The past two weeks of my life have been momentous. I began uploading brief snippets of my compositions onto TikTok and just a few hours ago I had hit 10,000 followers. I am in disbelief that that many people care enough about my music to follow me. I have received so many warm comments it's overwhelming. I'm still in shock that people actually like my music. I feel so incredibly grateful. This all feels like a dream. Prior to these last couple of weeks, I received little recognition for my work. I am still very grateful for the few who complimented and took the time out of their day to listen to my pieces, but I always felt like I would never succeed as a composer because I wasn't good enough. I despised my compositions, and literally burned countless manuscripts out of pure self-hatred.

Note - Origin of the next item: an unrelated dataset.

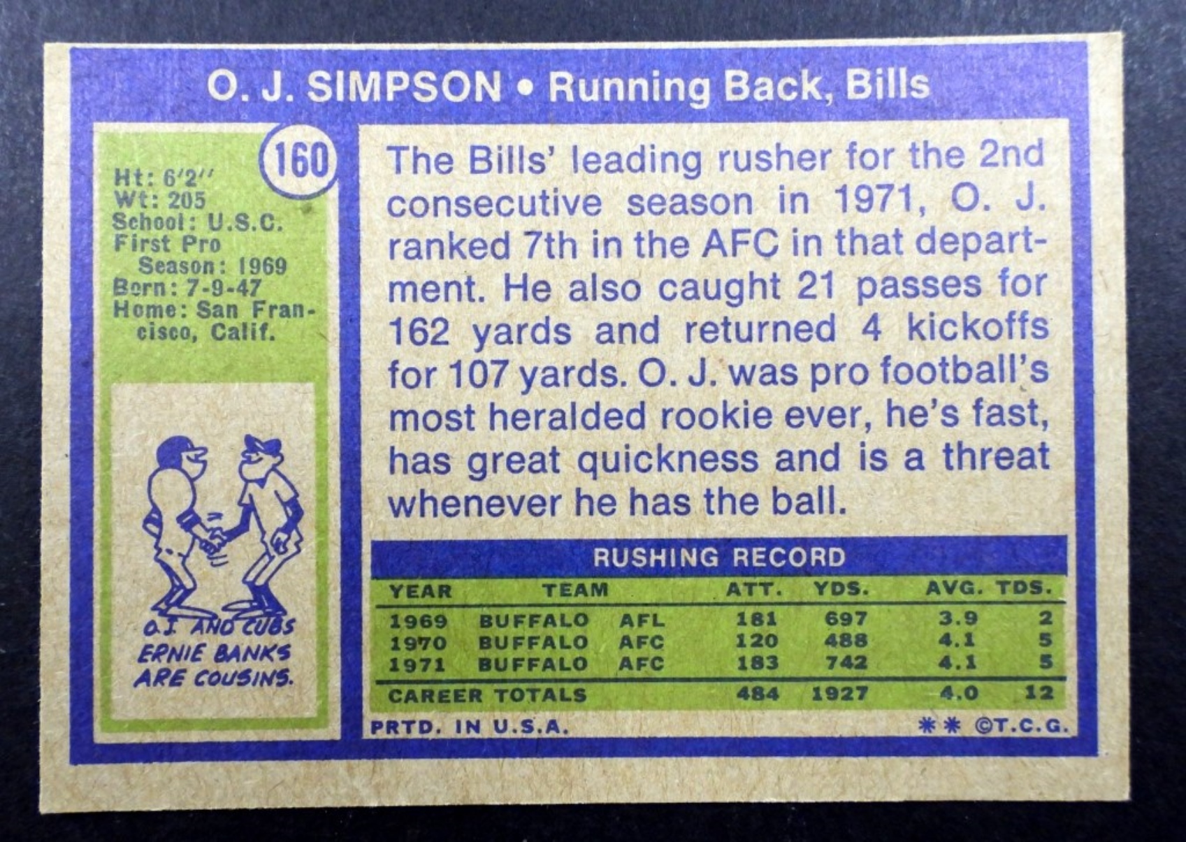 HOF BILLS RUNNING BACK FOOTBALL CARD,

On the 3rd of March, 11:56 PM, I sold my very first score - the 1st Raindrop Waltz in B Minor. I cannot believe that someone else actually cares for my music enough to be willing to spend money on purchasing the score. I am completely overwhelmed by feelings of happiness I have never experienced before. While I compose music because it gives my life meaning and allows me to convey myself in manners that aren't possible through words, seeing other people enjoy my work gives me so much hope as an artist, and I will forever be grateful for that. This is a moment I will always remember. Thank you, Kiana.
On other matters, I am completely swamped with the 28 credits I'm currently enrolled in. The past few assignments I worked on were turned in just moments before the due date. I need to learn how to manage my time better. Besides school, I want to finish notating my set of nocturnes and publish them. My new piano is said to arrive in one day, which means that I will soon be able to record my pieces on a piano that is not only in tune but also has fully functioning keys and pedals. I am very excited for that! Lastly, I want to finish writing my first symphony and publish it. When I do publish it, I believe that it will be my greatest work for quite some time. I have been obsessed with the main theme for far too long. It needs to be completed.